Exercise prompt: Only the lines from the one containing "Jeres elegante skyggefulde" to the end of the material are to be copied, exactly and in full; images stay out.

Study material:
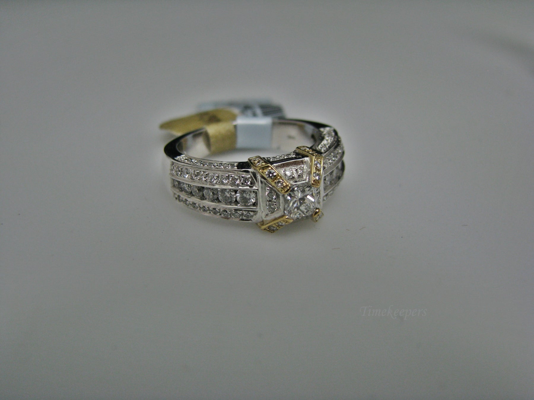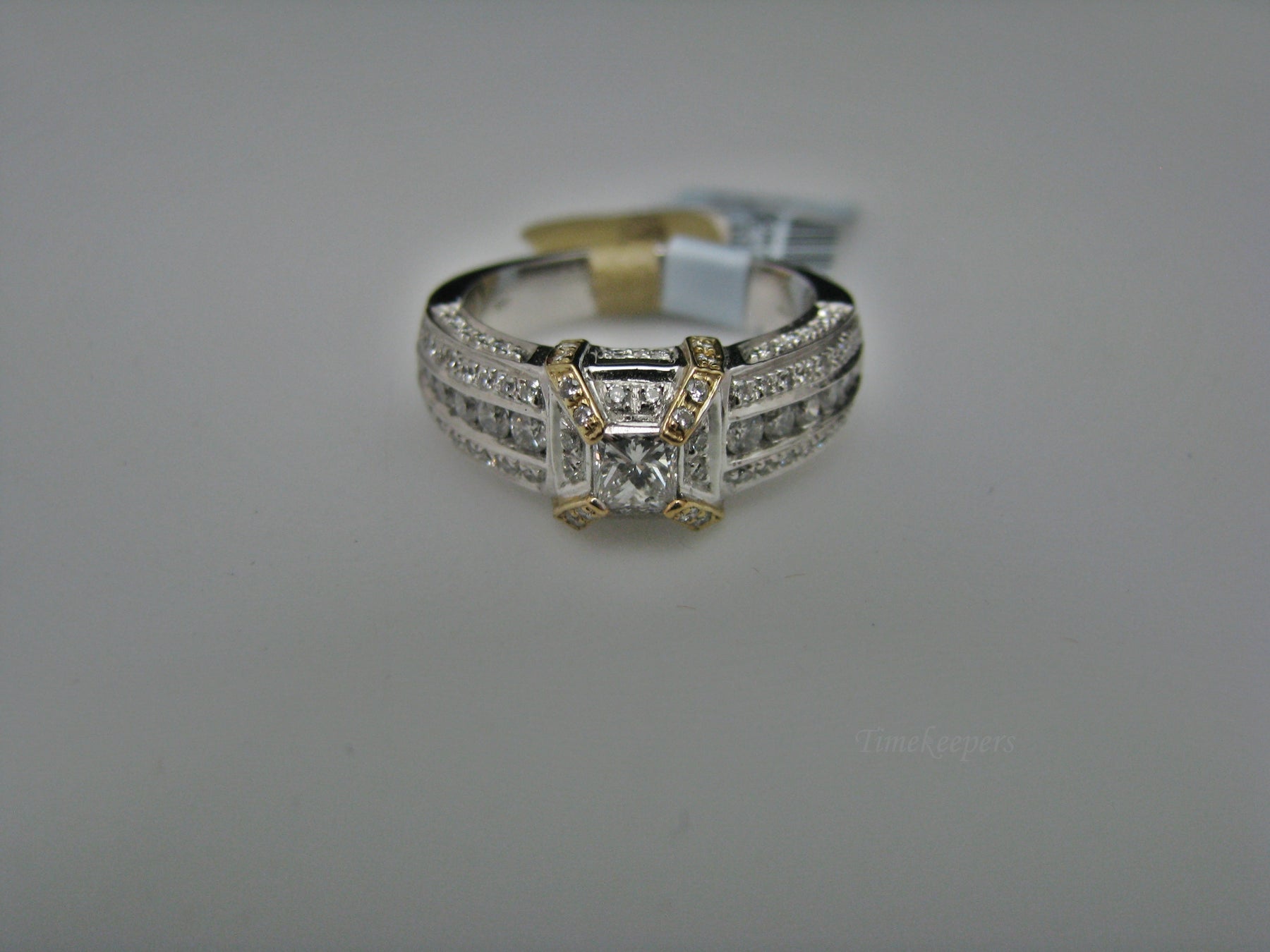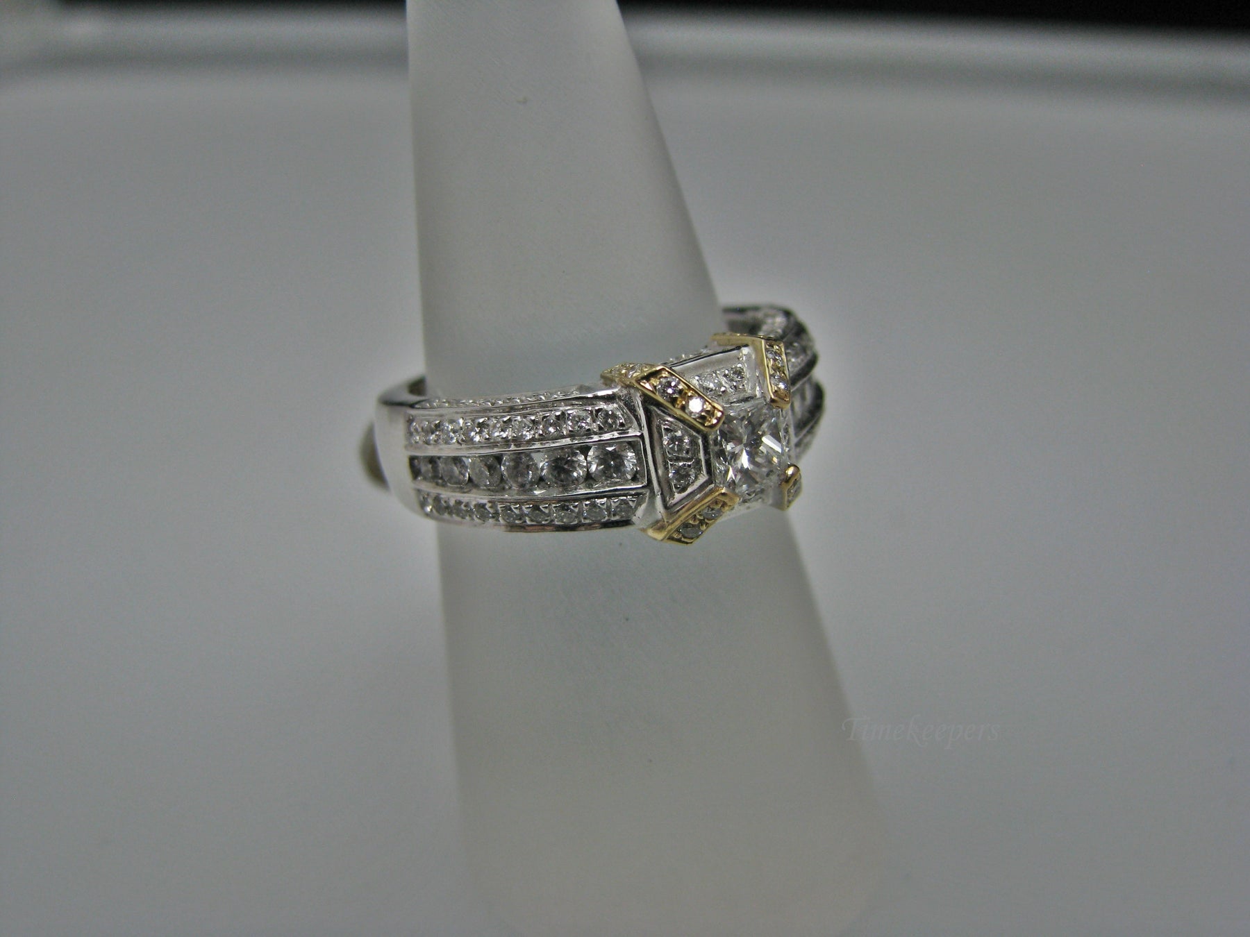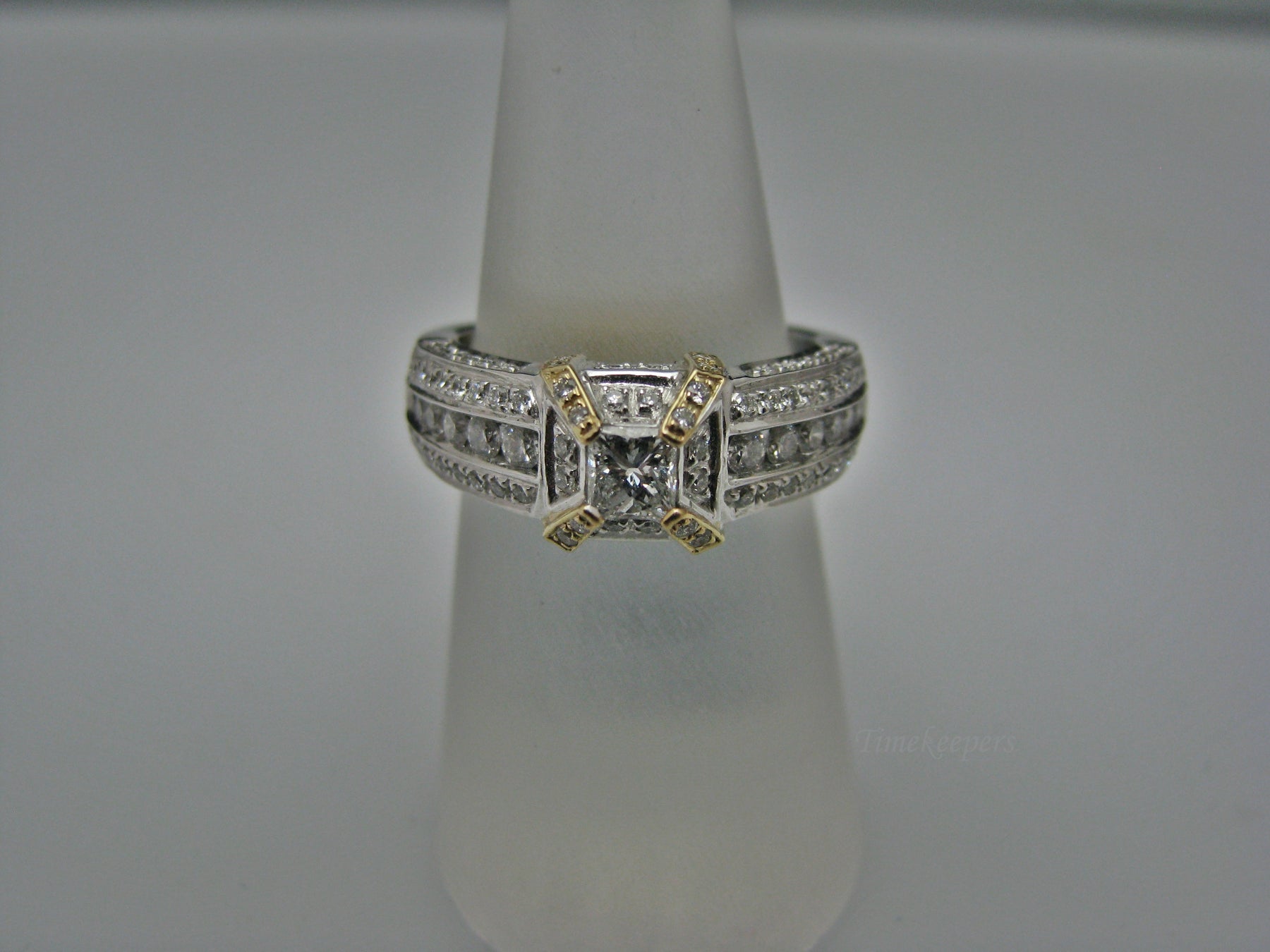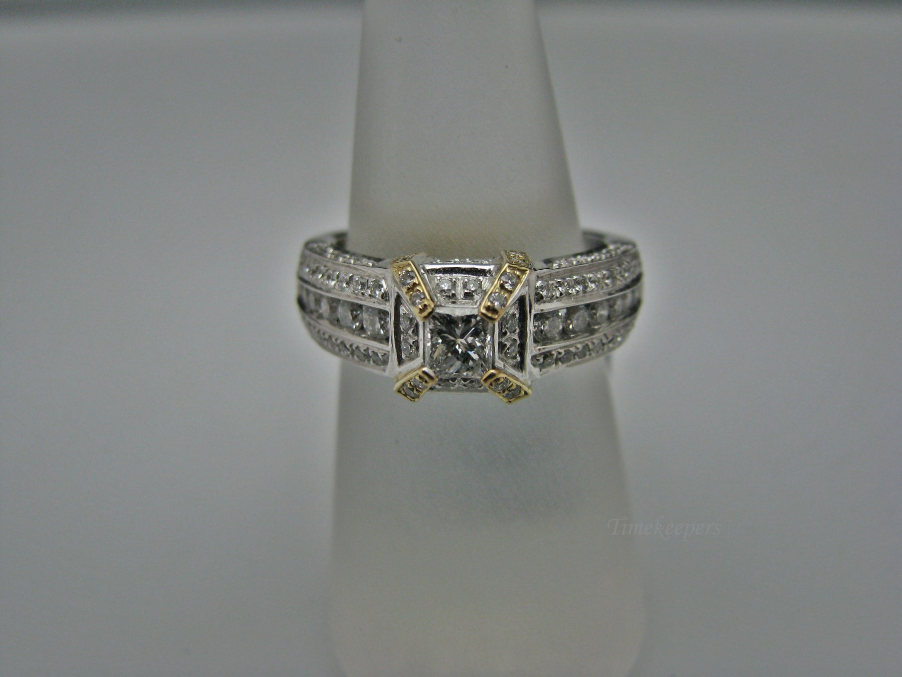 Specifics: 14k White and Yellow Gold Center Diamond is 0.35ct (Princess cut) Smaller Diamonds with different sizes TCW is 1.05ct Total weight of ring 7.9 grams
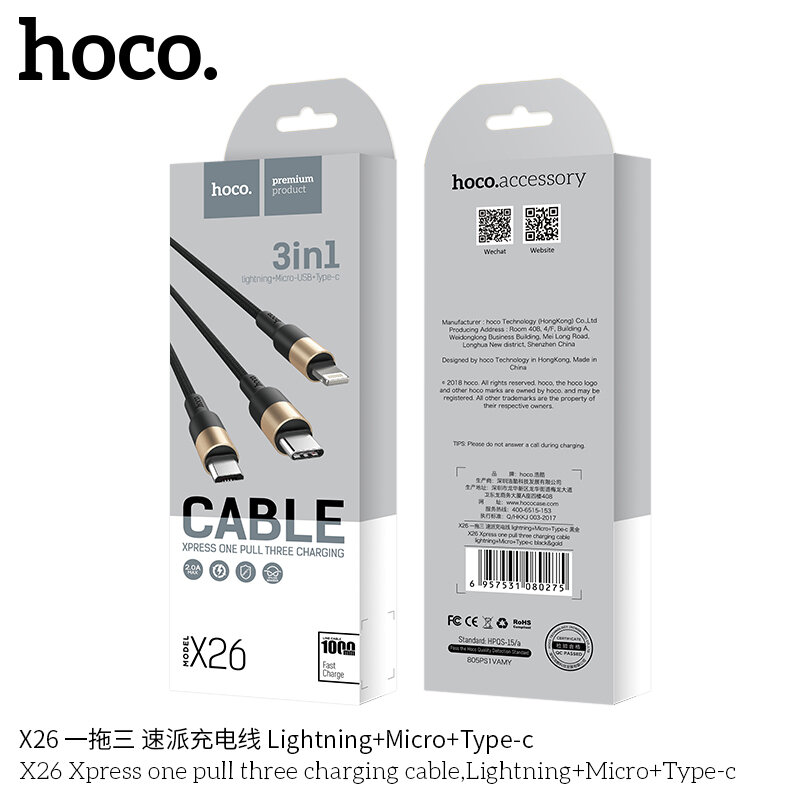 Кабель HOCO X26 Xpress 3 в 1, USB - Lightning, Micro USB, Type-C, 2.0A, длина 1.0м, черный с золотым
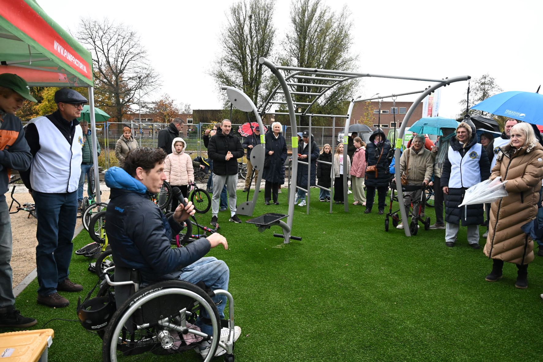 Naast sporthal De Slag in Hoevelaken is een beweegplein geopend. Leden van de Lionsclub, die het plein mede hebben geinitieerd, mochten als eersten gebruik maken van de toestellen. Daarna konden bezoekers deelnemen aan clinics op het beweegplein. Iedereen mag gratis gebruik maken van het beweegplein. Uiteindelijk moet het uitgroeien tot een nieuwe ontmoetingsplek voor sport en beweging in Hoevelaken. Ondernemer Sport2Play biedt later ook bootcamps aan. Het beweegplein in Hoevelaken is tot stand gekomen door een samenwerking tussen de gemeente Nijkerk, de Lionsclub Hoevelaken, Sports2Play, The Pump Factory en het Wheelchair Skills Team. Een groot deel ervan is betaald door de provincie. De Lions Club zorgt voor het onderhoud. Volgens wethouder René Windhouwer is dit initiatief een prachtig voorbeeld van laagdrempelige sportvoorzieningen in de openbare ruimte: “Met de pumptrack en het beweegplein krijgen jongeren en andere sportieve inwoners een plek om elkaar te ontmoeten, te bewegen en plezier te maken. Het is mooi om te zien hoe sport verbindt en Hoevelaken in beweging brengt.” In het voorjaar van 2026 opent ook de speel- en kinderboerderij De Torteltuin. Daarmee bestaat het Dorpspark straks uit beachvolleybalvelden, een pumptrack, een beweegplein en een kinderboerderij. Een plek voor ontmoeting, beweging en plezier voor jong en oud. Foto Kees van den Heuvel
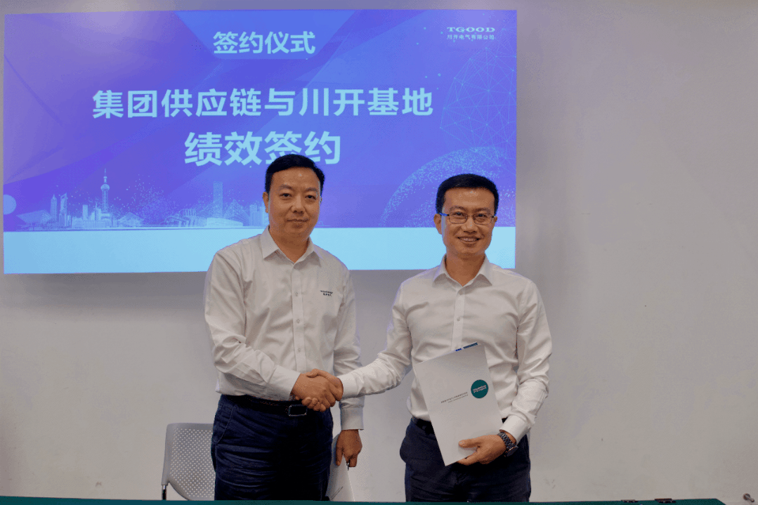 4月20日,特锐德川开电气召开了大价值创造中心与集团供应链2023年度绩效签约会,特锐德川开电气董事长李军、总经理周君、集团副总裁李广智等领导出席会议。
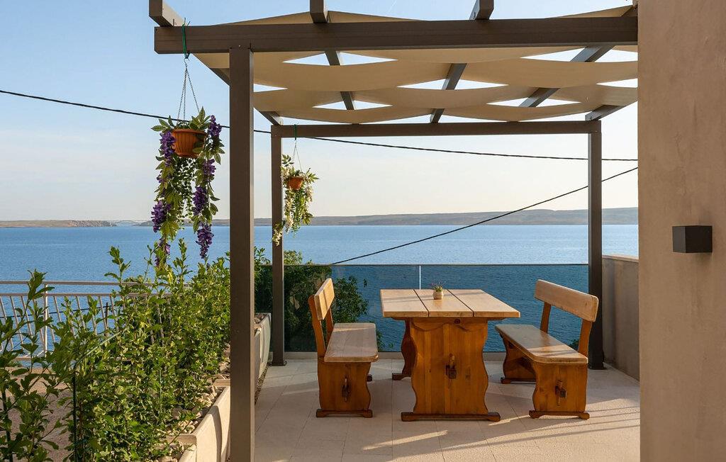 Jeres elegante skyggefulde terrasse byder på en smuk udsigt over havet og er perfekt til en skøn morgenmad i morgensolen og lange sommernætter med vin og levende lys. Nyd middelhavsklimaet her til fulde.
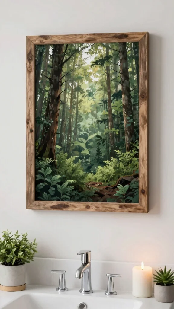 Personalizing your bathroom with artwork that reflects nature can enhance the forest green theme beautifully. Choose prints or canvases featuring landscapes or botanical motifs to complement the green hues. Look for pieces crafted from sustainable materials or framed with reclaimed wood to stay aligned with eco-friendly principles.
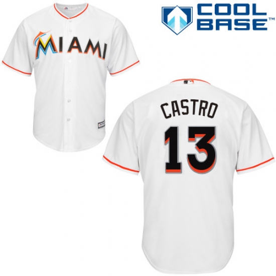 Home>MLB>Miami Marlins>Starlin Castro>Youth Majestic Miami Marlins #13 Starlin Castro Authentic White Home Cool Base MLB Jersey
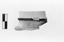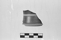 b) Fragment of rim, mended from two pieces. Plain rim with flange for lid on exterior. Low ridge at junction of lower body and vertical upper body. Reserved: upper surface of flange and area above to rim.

Result of this task:
 Jeres elegante skyggefulde terrasse byder på en smuk udsigt over havet og er perfekt til en skøn morgenmad i morgensolen og lange sommernætter med vin og levende lys. Nyd middelhavsklimaet her til fulde.
 Personalizing your bathroom with artwork that reflects nature can enhance the forest green theme beautifully. Choose prints or canvases featuring landscapes or botanical motifs to complement the green hues. Look for pieces crafted from sustainable materials or framed with reclaimed wood to stay aligned with eco-friendly principles.
 Home>MLB>Miami Marlins>Starlin Castro>Youth Majestic Miami Marlins #13 Starlin Castro Authentic White Home Cool Base MLB Jersey
 b) Fragment of rim, mended from two pieces. Plain rim with flange for lid on exterior. Low ridge at junction of lower body and vertical upper body. Reserved: upper surface of flange and area above to rim.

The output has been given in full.